Not even seven years later, now in ’71. But the traffic was gathering when I turned south in Sixth. When I reached Graf’s house south of the Village I was drained.

But what happened now seemed even better than an informant telling the whole story. I stood at Monty Graf’s desk and beside me was Claire scenting the bright room with something liberatingly organic like the milked essences of safflower pistils, and in the kitchen Monty was fixing gin and tonic and I suspected getting ready perhaps in concert with Claire to make me an offer that would tell me even more than it promised me for my cooperation—and as Claire and I stared at Jenny’s typing and were amused, I found in one of Claire’s bare feet a new map that took me up to the Highgate room of Will my American son and his mother’s dark hair and what he was kneeling on—and I said in answer to Claire’s inquiry, No, I think Jenny will go north before she comes here if she comes here at all.

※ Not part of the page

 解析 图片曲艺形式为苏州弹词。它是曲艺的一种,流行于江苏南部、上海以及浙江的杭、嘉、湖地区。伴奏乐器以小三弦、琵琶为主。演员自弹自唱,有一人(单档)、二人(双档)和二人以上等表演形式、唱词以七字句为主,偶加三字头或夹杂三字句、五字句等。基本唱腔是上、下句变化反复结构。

Black eyebrows, black alligator slippers (a gift from Claire), Monty came now in white crepe shirt and white bell-bottoms with a tray of glasses.

North? murmured Claire.

Monty passed glasses laced with bubbles. He raised his glass and said, To film.

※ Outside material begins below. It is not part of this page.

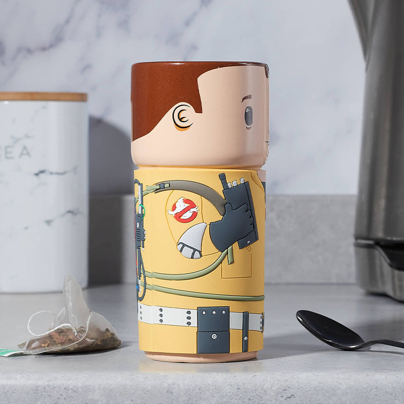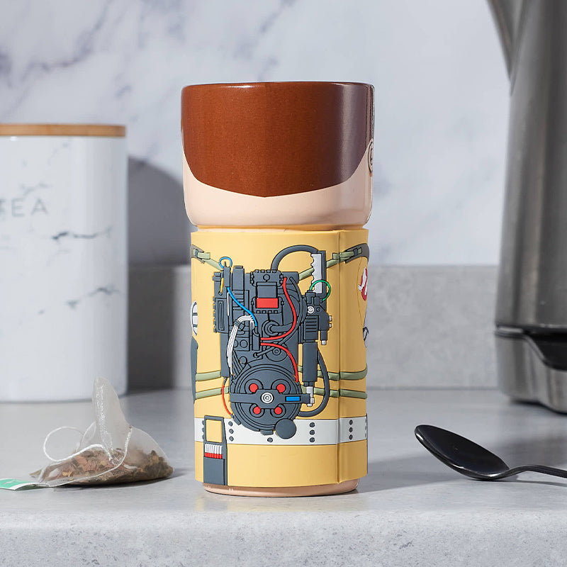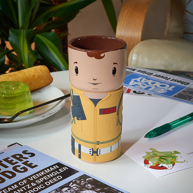• Tasse cosplay réutilisable de Peter Venkman des films Ghostbusters.

Claire said to Monty, To make a long story short he spent part of one night with her and now she’s calling him transatlantic.

Monty said, So father and son do talk after all. I can guess why Jerry likes to think his friend was impotent with that girl.

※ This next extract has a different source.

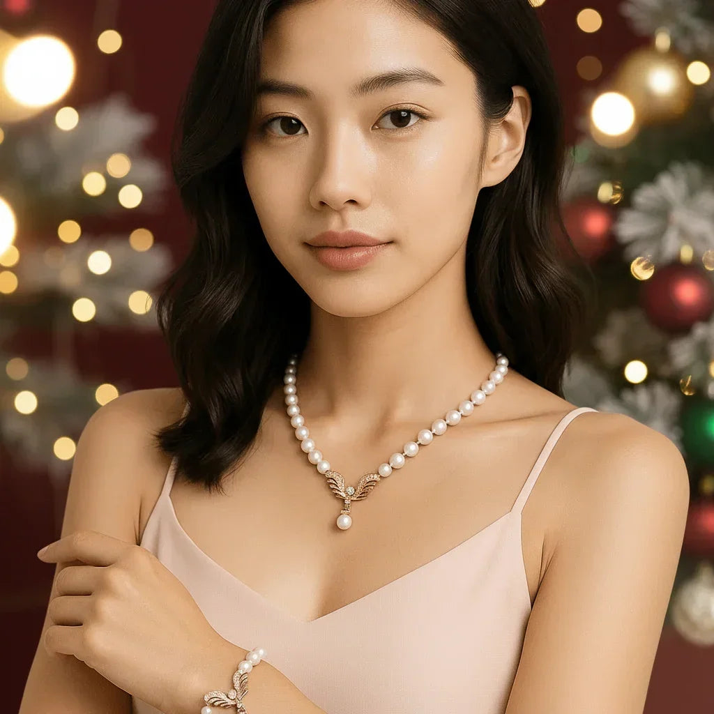 Adorn yourself with the Seraph Pearl Necklace set, a luxurious piece of handcrafted pearl jewellery made with freshwater pearls and a 23k gold-plated setting.

I wasn’t going to tell Claire what I had found in her beautiful foot, which was what I had found all over again on my son’s floor. But so that it may be taken for granted in what follows I will make it clear: the map of Jenny’s that Will borrowed, and in which as if nearsightedly I’d seen merely Mr. Ogg’s gradients and my pride in Will’s grades, was mainly of the Isle of Lewis in the Outer Hebrides; and while Jenny after all was not likely to go trekking seven hundred miles up there herself, she was involved with Reid and Reid with the red-haired woman and the red-haired woman through the gallery was connected with the Indian and perhaps with Aut and through the Softball Game with the Indian and with us. Now whatever the meaning of the black-haired chap’s whisper in the Unplaced Room that I had so attentively depictured before we began shooting, his friend the deserter whom he treated with increasing condescension which the camera must dramatically have caught, had explicitly lived in that northernmost part of the Hebrides that Jenny’s ordnance survey map covered (or was it Reid’s? Not mine because it was too well used and I was sure I’d never bought one of Lewis).

It was necessary now to talk. We had had our sips, and now I had given thanks for hospitality and said how different this room looked with the northwest light let in past the opened blinds, and Monty had said I must be eager to get back to London and Claire could
live
there and he and she had talked about it.

Claire said Dagger had had the right idea. I asked if she’d give up her job with Aut or work for him abroad. She smiled at Monty, who was a very good twenty years older, and he said to me gently looking back at her that Outer Film didn’t do all that much in Europe.

I said, But Phil Aut.

Monty said Claire knew more than he about Phil Aut, but what he knew was simple: Phil Aut was his brother-in-law, he was doing OK but was having to support his operation increasingly with porn imports and educational films and Claire thought he had a new silent partner; Phil was younger than he looked, lived in Connecticut, had no contact with Monty, and had a cousin attached to the twelfth precinct.

Claire was looking like Jenny again, in a blue blouse and pale green jeans, her light hair parted in the middle and flowing down beside her eyes. Her feet were tucked under her and against the white couch she was more vivid than she had been last week, an autumn sacrifice plucked from the fingers of a god by Monty Graf, who knew how old he was now and how old he’d be in ten years.

He was talking oh so calmly, very quietly; King Street was as quiet as Highgate, a car ran by, Claire bent her head looking at nothing, Monty was explaining that she didn’t know as much as I thought but did know more than he did, and that now on the basis of what she knew, she reckoned the time had come to change.

On what she knows about what? I asked.